AP Photo/Anjum Naveed

The modern era is full of really stupid ideas and somewhere near the top are "soft on crime" policies. These are usually pushed by radical leftist Democrats and, once implemented in their jurisdictions, find themselves neck-deep in everything from constant theft to assaults and murders. 

You can see the results every day. Blue cities are often awash in crime, especially with property damage and constant theft. Many cities won't even prosecute a person for stealing anything unless it passes an absurd dollar amount. In California, for instance, you can steal up to $950 worth of goods before it becomes a felony. 

Soft-on-crime policies don't just create crime, they create an environment where crime is no big deal. In fact, it becomes something of a game, and interestingly, a way for people to gain clout. 

Thus we've begun seeing an increasing phenomenon I'm calling the "criminal influencer." 

There's one on the front page of RedState as of this writing. The influencer known as "Meatball," a black woman in Philidelphia, live-streamed herself and a whole bunch of others raiding, destroying, and looting local businesses and corporate stores. She's now facing several felony charges. 

It's great that justice was served, but Meatball isn't the first and she won't be the last. In fact, getting caught and suffering comeuppance for crimes hasn't stopped the criminal influencers from appearing.

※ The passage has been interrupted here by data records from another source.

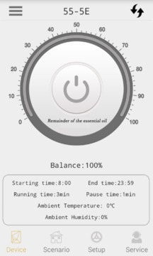 百芬扩香仪是一款空气清香设备,通过该app添加设备可以远程控制扩香仪设备的工作(开始,结束,运行时长,检测周围环境的温度和湿度等),方便用户的使用。
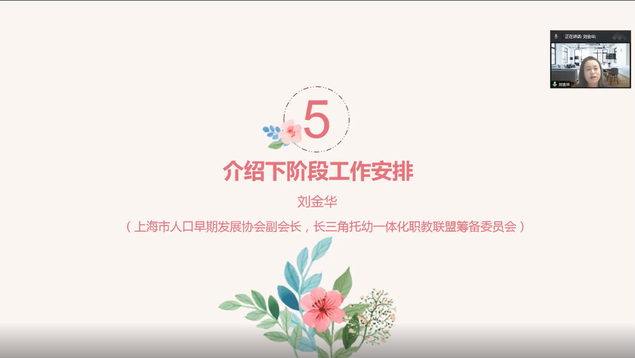 会议的最后,由上海市婴幼儿专委会会长刘金华发言,介绍联盟下阶段工作计划安排。主要体现两个方面,第一方面:扩大范围,吸纳成员单位;例如,可以吸纳卫生保健类的院校、妇幼保健院、托育机构、学前教育机构等。第二方面:筹备联盟的启动大会,希望各联盟成员单位在今后的工作当中能够积极支持共同参与。
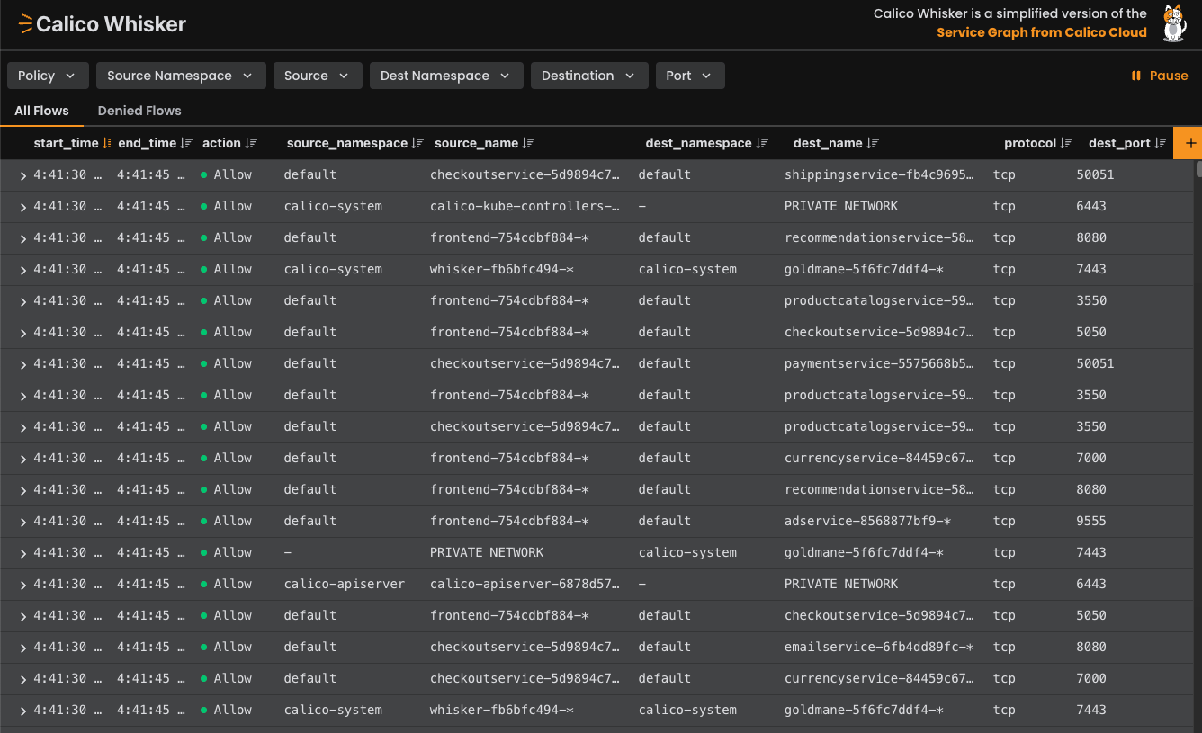 The Calico Whisker web console is a browser-based interface that shows you a stream of flow logs from your cluster in real time. While the console is open, it receives live data from a dedicated flow logs API (Goldmane). You can filter the stream to see only the logs for a particular policy, namespace, pod, or other criteria.
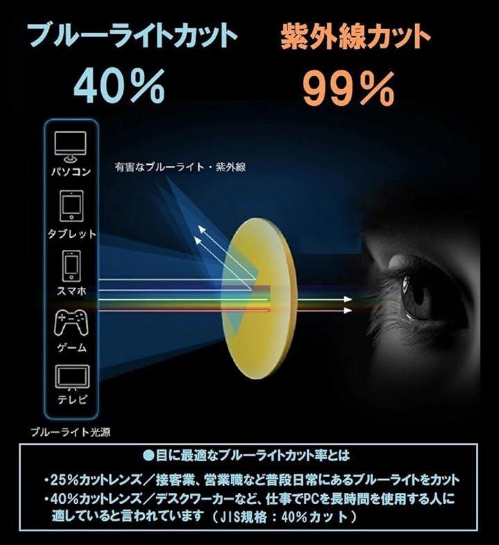 「ブルーライトカット率JIS規格40%」 40%カットレンズは、デスクワーカーなど、仕事でPCを長時間を使用する人や、eスポーツやゲーマー・スマホを長時間使う方の為に適したカット率です。

You may recall a story back in 2017 where three black Chicago teens and a black woman kidnapped a white special needs teenager and tortured him while streaming it all live on Facebook. They forced the special needs teen to drink toilet water, cut his head with a knife, and say "I love black people" while they repeated things like "f**k white people" and "f*** Donald Trump." The four kidnappers were hit with hate crime charges.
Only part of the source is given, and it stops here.